When you are feeling the anxiety rise, stand or sit comfortably, close your eyes if possible, and slowly breathe in through your nose and out through your mouth. Repeat a few times until you can feel yourself starting to calm down. We’ll talk more about breathing exercises in a couple of days. Think of this as the simplest version.
As with many things, it becomes easier and more natural the more you practice. Get in the habit of closing your eyes and taking a few deep breaths whenever you start to feel a little anxious or wound up. It also helps do this breathing exercise when you first wake up, before you sit down to get to work, and even before bed. Start practicing and keep up with it until it becomes a habit.
Going forward whenever you get anxious or fearful, your first reaction should be to stop and take a deep breath. After that, you should be able to look at the situation more calmly and be better able to judge if there is actually anything to worry about. You’ll also find yourself calm and collected enough to start making a plan and working through whatever issues arise, instead of simply reacting from a feeling of anxiety.
Let me ask you a question. As a survivor of narcissistic abuse, do you have a good support system in place for those bad days when the anxiety becomes too much, or you start to slide into depression?

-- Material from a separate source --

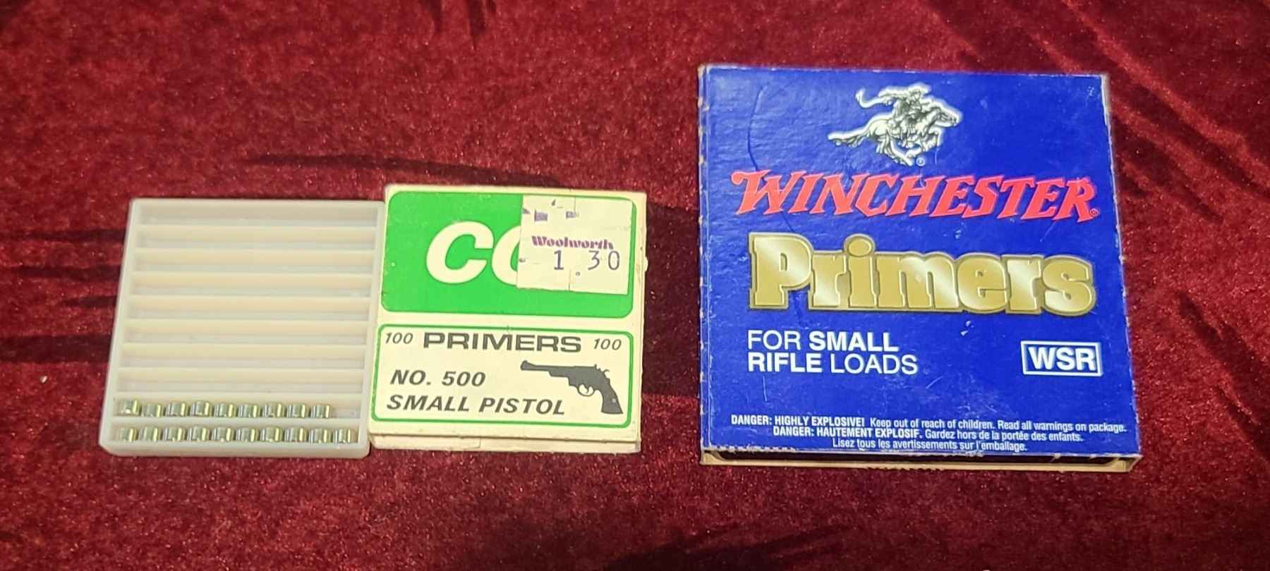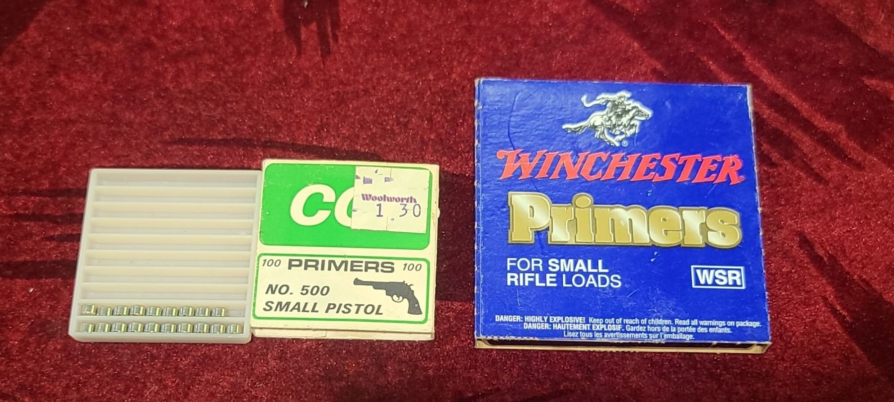 100 WIN SMALL RIFLE PRIMERS AND 19 SMALL PISTOL CCI PRIMERS

A handful of people who are there for you, that you can use as a soundboard and whose shoulders you can lean on can be invaluable in times of high anxiety?
We’ve talked in the past about the fact that we can get in a spiral of anxiety that it’s hard to get out of. We are anxious and worried, which in turn makes us more anxious and worried about being anxious and worried. You get the idea. If you rely solely on yourself in those situations, it can be hard to get out of your own head long enough to look at the situation objectively and realize that things aren’t nearly as bad or frightening as they seem. This is where that support system will come in handy.

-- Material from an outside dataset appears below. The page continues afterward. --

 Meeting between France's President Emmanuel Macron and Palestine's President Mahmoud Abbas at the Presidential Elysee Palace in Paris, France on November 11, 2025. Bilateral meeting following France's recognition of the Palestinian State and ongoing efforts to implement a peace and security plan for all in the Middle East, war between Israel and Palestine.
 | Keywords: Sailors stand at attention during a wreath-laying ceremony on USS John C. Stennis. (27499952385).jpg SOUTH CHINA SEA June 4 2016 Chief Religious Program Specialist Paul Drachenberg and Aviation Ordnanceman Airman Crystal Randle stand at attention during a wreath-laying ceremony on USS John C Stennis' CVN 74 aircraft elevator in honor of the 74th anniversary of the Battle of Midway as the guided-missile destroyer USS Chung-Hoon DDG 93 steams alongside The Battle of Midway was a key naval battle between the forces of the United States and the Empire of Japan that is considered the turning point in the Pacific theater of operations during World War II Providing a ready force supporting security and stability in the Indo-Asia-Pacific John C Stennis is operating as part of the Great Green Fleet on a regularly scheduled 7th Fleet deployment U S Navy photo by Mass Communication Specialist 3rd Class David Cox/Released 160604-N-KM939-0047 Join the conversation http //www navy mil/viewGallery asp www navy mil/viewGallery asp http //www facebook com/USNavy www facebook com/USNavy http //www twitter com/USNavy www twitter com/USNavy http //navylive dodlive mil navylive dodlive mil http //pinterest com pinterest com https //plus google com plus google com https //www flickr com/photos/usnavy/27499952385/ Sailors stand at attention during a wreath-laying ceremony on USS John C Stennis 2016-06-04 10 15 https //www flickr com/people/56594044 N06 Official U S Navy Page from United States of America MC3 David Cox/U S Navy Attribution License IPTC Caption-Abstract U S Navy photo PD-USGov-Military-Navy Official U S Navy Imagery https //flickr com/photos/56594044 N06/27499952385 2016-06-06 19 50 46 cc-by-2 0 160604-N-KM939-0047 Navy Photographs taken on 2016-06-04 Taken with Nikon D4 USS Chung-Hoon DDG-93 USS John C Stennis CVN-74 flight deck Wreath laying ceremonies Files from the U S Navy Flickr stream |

Think about the people in your life that you are close to. Who gets you? Who understands the anxiety you suffer from? Who is a good at pulling you out when you’re having a bad day by offering a hug, drags you out for coffee, or uses humor to make you forget what you’re anxious about, even for just a few minutes?

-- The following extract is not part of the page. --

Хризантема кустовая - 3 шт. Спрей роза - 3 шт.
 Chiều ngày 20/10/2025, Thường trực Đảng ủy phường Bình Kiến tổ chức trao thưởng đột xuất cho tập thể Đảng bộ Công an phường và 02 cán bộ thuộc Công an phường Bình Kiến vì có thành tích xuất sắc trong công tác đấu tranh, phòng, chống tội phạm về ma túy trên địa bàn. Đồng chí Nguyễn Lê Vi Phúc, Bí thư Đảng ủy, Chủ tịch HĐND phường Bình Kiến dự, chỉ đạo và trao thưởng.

While you may not feel like socializing when you’re having a rough day or week, or if the idea of spending time with people in itself may make you a little anxious (particularly if you’re an introvert), social contact and connections are important. We are at our core social creatures. That’s why it’s important to set up that support system and reach out to it in times of need.
Of course, you aren’t limited to your circle of family and friends when it comes to this support system. Maybe you aren’t comfortable sharing your anxiety issues with them. Maybe they aren’t willing or in a position to provide you with the encouragement and support you need. Or maybe they just aren’t quite enough help. That’s ok.
Finding a support group or can be a big help. A therapist can be another key figure in your support system. If you are seeing a therapist right now, or are working with a life coach, ask them for help to build out the rest of your support system. Most importantly, don’t hesitate to reach out to your system when you’re in need. They are here to help.